Have a question about this project? Sign up for a free GitHub account to open an issue and contact its maintainers and the community.

By clicking “Sign up for GitHub”, you agree to our terms of service and privacy statement. We’ll occasionally send you account related emails.
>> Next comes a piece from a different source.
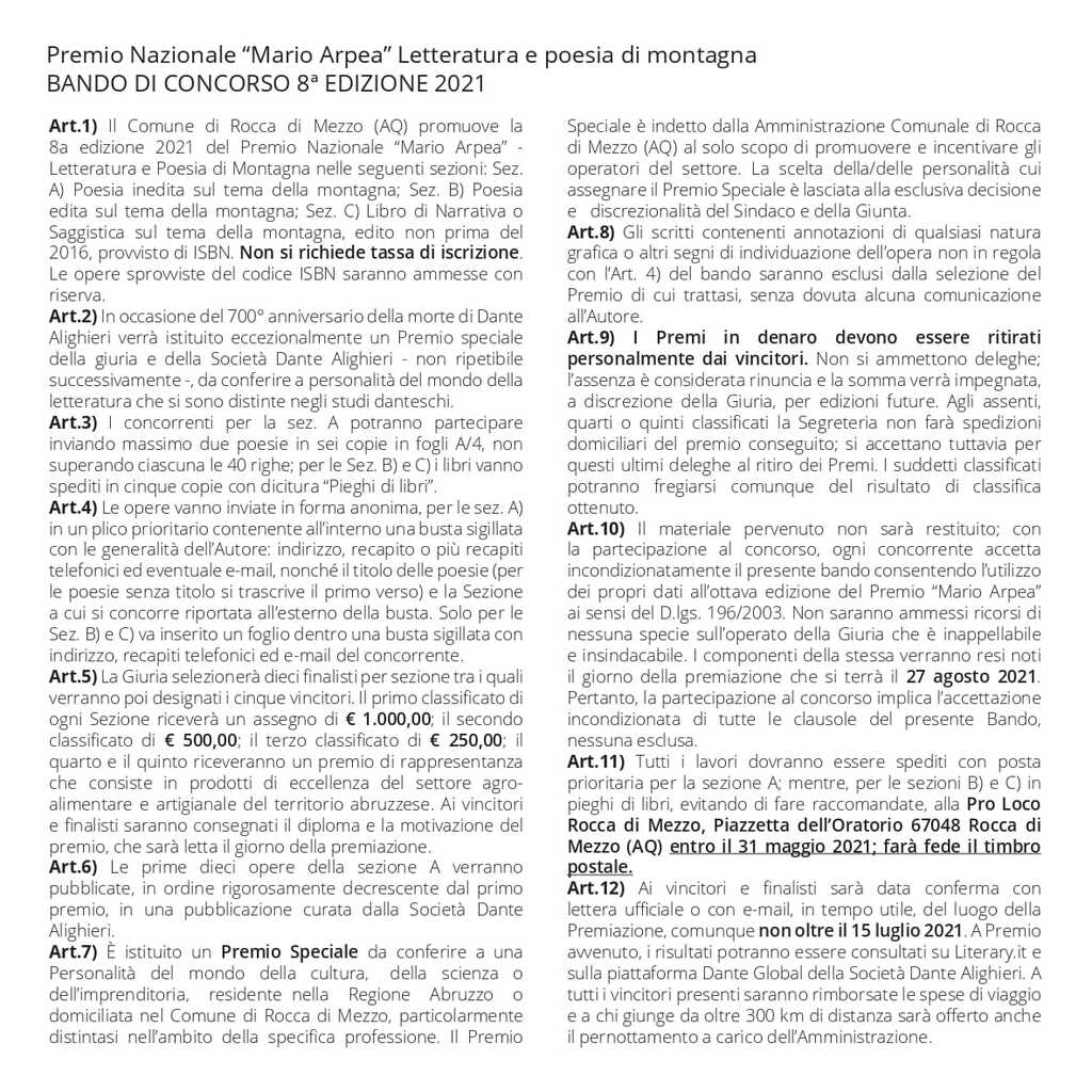 Nel cuore del Parco Naturale Regionale Sirente Velino, in un perfetto connubio tra natura e cultura, il 27 agosto 2021 si svolgerà l’ottava edizione del “Premio Nazionale Mario Arpea – Letteratura e Poesia di Montagna”. Quest’anno, in occasione del 700° anniversario della morte di Dante Alighieri, oltre ai premi destinati ai vincitori del concorso, verrà istituito eccezionalmente un premio speciale della giuria e della “Società Dante Alighieri”, da conferire a personalità del mondo della letteratura distintesi negli studi danteschi.

Already on GitHub? Sign in to your account

Device Status flapping between UpToDate and Outdated #89

Open
doanac opened this issue May 8, 2019 · 3 comments
Open

Device Status flapping between UpToDate and Outdated #89

doanac opened this issue May 8, 2019 · 3 comments

Comments

@doanac
Copy link

doanac commented May 8, 2019

Found on version: device-registry:0.3.0-12-ga1ea92b

We have at least one device in our OTA Connect deployment who's status seems to be flapping between UpToDate and Outdated.

When looking at the logs I see the following messages repeating over and over. I have a feeling something here is the cause of the device status not looking correct, but I have no idea. It almost seems like there's a message in the queue we can't process and are hitting it over and over and over again.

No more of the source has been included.